NYMEX WTI Tops $83 on Tight Cushing Stocks, Lower Rig Count
WASHINGTON (DTN) -- Bolstered by a weakening U.S. Dollar Index, nearby delivery month West Texas Intermediate crude futures on the New York Mercantile Exchange and Brent crude traded on the Intercontinental Exchange rallied in market-on-close trade Friday. Both benchmarks rose 1.5% after industry data from Baker Hughes reported the first decline in the number of operating oil rigs in the United States since the week ended Sept. 10, underscoring a laggard recovery in domestic production despite elevated price levels.
U.S. crude oil production remained about 200,000 barrels per day (bpd) below pre-Hurricane Ida levels in the most recent week, according to the U.S. Energy Information Administration, with domestic operators unexpectedly reducing output once again almost two months after Ida's landfall along the Louisiana coastline. The unexpected drop in domestic production coincides with the decline in the number of oil-targeted rigs in the U.S., often seen as a proxy for future output. Baker Hughes reported domestic operators decommissioned two oil rigs during the week ended Oct. 22, bringing the total number of operating rigs to 443, well below pre-pandemic rig counts of nearly 700.
Meanwhile, crude oil stored at the Cushing, Oklahoma, hub, the delivery point for WTI, fell by another 2.3 million barrels (bbl) through Oct. 15 to 31.2 million bbl, the lowest since October 2018, according to EIA's latest weekly report. Given the current supply deficit, the result is likely one where U.S. crude inventories will continue to grind lower in coming weeks, supporting WTI futures. Goldman Sachs estimates the fourth quarter supply deficit on the global oil market could be as high as 4.5 million bpd or 5% of the worldwide consumption.
"This is a big hole to fill even with the production increases that we have penciled in going from now to the end of this year," said Jeff Currie, head of Goldman Sachs's Commodity Research and Global Investment Research Division. "Maybe we can get that deficit whittled down to 2 million bpd, but we will be at a critical operating level of inventory by the year end" he added.

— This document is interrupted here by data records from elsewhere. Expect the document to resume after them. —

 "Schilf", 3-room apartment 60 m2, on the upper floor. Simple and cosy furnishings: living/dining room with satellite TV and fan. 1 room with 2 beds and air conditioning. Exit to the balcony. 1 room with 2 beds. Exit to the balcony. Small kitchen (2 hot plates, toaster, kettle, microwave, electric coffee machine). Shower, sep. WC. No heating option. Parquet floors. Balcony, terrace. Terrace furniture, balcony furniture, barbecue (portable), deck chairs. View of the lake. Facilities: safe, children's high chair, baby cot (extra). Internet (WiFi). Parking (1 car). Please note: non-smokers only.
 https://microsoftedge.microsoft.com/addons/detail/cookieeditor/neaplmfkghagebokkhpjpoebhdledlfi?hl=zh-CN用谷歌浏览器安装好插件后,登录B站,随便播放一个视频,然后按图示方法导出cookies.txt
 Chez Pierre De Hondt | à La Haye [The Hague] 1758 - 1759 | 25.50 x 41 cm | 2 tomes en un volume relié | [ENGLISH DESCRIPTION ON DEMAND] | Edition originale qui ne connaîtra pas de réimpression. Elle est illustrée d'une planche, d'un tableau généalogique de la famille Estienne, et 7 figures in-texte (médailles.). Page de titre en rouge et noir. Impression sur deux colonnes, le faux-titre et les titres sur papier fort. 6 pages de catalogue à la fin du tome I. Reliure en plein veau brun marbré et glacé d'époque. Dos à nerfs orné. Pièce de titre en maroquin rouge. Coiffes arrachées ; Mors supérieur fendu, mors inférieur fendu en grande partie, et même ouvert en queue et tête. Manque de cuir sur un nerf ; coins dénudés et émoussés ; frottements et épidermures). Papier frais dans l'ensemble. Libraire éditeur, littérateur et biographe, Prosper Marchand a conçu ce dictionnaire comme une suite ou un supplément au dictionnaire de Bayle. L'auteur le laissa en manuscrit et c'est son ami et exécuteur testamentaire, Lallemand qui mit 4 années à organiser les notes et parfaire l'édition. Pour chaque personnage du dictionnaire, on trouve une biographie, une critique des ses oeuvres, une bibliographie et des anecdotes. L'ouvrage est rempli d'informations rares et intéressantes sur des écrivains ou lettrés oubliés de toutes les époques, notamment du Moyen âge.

On the session, NYMEX WTI futures for December delivery rallied $1.26 to $83.76 bbl, while the December ICE Brent futures gained $0.92 to $85.53 bbl. November RBOB futures on NYMEX gained 0.20 cents to $2.4821 gallon, and front-month ULSD futures declined 1.02 cents to $2.5389 gallon.
Friday's gains in the crude complex came on the back of a softer U.S. Dollar Index that declined 0.17% against the basket of foreign currencies to finish the session at 93.595. Federal Reserve Chairman Jerome Powell said Friday during virtual press conference that he is now somewhat more concerned about higher inflation and the central bank would watch carefully for signs that households and businesses were expecting sustained price pressures to continue. "Supply-side constraints have gotten worse. The risks are clearly now to longer and more-persistent bottlenecks, and thus to higher inflation." Inflation soared in September to 3.1% from a year earlier, slipping slightly back from 3.2% in August.
Federal Reserve officials have signaled strongly in recent weeks that the central bank would formally announce tapering of its monthly purchases of $120 billion in asset purchases at its Nov. 2-3 meeting. "I do think it is time to taper," Powell said Friday. "I don't think it is time to raise rates," Powell added.
Separately, business activity in the European Union slowed sharply in October, dropping most markedly in manufacturing, though also cooling in services, according to a private survey from IHS Markit. Growth slowed especially sharply in Germany, down to the lowest since February, and slipped to the weakest since April in France. The rest of the region recorded the slowest expansion since April.
"A sharp slowdown in October means the eurozone starts the fourth quarter with the weakest growth momentum since April. A manufacturing sector beset with supply chain delays saw production growth falter to the lowest since the first lockdowns of last year. The services sector has meanwhile seen some of the summer rebound fade just as resurgent virus case numbers bring renewed concerns, notably in Germany," commented Chris Williamson, Chief Business Economist at IHS Markit.